INTRODUCTION
The biceps femoris muscle is a strong flexor of the knee joint and an extensor of the hip joint. It comprises a long head and a short head innervated by the tibial division and the common fibular division of the sciatic nerve, respectively. The former originates from the posterior portion of the ischial tuberosity, whereas the latter arises from the lateral lip of the linea aspera and the lateral supracondylar line of the femur. The biceps femoris long head (BL) becomes tendinous distally and is joined by the short head, and the round common tendon is inserted in the fibular head. In the distal thigh, the sciatic nerve is divided into the tibial nerve and common fibular nerve (CFN). While the tibial nerve extends straight into the calf bisecting the popliteal fossa, the CFN closely follows the medial margin of the BL tendon and winds around the fibular neck [
1-
3].
The biceps femoris short head (BS) is clinically relevant as it is the only muscle innervated by the common fibular portion of the sciatic nerve. Several techniques have been proposed for examining the BS using needle electromyography (EMG). Chu-Andrews and Johnson [
4] recommended the insertion of a needle 5 cm above the knee while flexed, just medial or lateral to the BL tendon. Perotto et al. [
5] suggested needle insertion at four fingerbreadths proximal to the fibular head, just medial to the BL tendon. Lee and DeLisa [
6] proposed inserting the needle immediately lateral or medial to the BL tendon at the level of the popliteal fossa. However, considering the location of the CFN around the distal thigh, the medial insertion approach to the BL tendon for examining the BS could be dangerous during needle EMG. Furthermore, most reports, including those mentioned earlier, do not describe the potential risks of nerve damage during needle insertion. Previous studies that assessed the accuracy of needle placement in the lower limb muscles using EMG demonstrated a high risk of nerve damage and low accuracy rate with BS examination [
7-
9]. The anatomical characteristics of the BS, including its relative location to the BL tendon, have not been described in detail in anatomy studies [
8,
10]. However, considering that the BS originates at the lateral lip of the linea aspera and the lateral supracondylar line of the femur, the BS should be located on the lateral side of the BL tendon. Consequently, we hypothesized that the lateral approach would be a safer and more accurate method than the medial approach for examining the BS when using needle EMG.
The purpose of this study was to investigate the anatomical characteristics of the BS and to examine the relationship between the CFN and BL tendon. In addition, we aimed to propose an optimal technique for needle placement for EMG of the BS muscle using cadaver dissection.
MATERIALS AND METHODS
A total of 21 lower limbs (11 right limbs, 10 left limbs) from 12 fresh cadavers (7 males, 5 females) were dissected. Two lower limbs had been previously dissected for other studies, and one lower limb was distorted.
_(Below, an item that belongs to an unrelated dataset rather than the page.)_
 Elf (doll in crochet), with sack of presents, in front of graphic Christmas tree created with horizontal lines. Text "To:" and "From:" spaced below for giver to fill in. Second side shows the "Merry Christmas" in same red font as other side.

Therefore, these three limbs were excluded from the study. The Institutional Review Board exempted this cadaveric study from review.
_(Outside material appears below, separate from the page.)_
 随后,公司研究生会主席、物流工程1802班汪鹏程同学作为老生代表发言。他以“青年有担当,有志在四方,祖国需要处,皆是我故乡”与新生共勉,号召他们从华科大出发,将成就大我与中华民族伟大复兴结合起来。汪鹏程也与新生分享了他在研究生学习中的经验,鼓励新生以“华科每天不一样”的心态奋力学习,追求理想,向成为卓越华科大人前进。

Skin and subcutaneous tissue were first dissected from the ischial tuberosity to the knee. As shown in
Fig. 1, the fibular head and ischial tuberosity were marked. Further dissections were performed to expose the BL and BS. The upper origin of the BS and the midpoint between its upper origin and insertion were marked.
Needle markings were made at three different sites according to previously reported techniques for needle EMG of the BS [
4-
6]: 5 cm proximal to the tip of the fibular head (P1) [
4], four fingerbreadths (approximately 7 cm in this study) proximal to the tip of the fibular head (P2) [
5], and at the upper apex of the popliteal fossa where the semimembranosus and biceps femoris muscles meet (P3) [
6].
The distances from the fibular head to the ischial tuberosity and to the apex of the popliteal fossa were measured (FH_IT and FH_PF, respectively), and the ratio of FH_PF to FH_IT was calculated. In addition, the distances from the fibular head to the upper origin and to the midpoint of the BS parallel to the axis of the BL tendon (FH_UO and FH_MP, respectively) were measured, and the ratios of both parameters to FH_IT were calculated. Finally, the vertical distances from the medial and lateral margins of the BL tendon to the lateral margin of the CFN (M_CFN_VD and L_CFN_VD, respectively) were measured at the P1, P2, and P3 levels. The vertical distance from the lateral margin of the BL tendon to the lateral margin of the BS (L_BS_VD) was measured at each P level. M_CFN_VD was recorded as a negative value if the CFN was located lateral to the medial margin of the BL tendon.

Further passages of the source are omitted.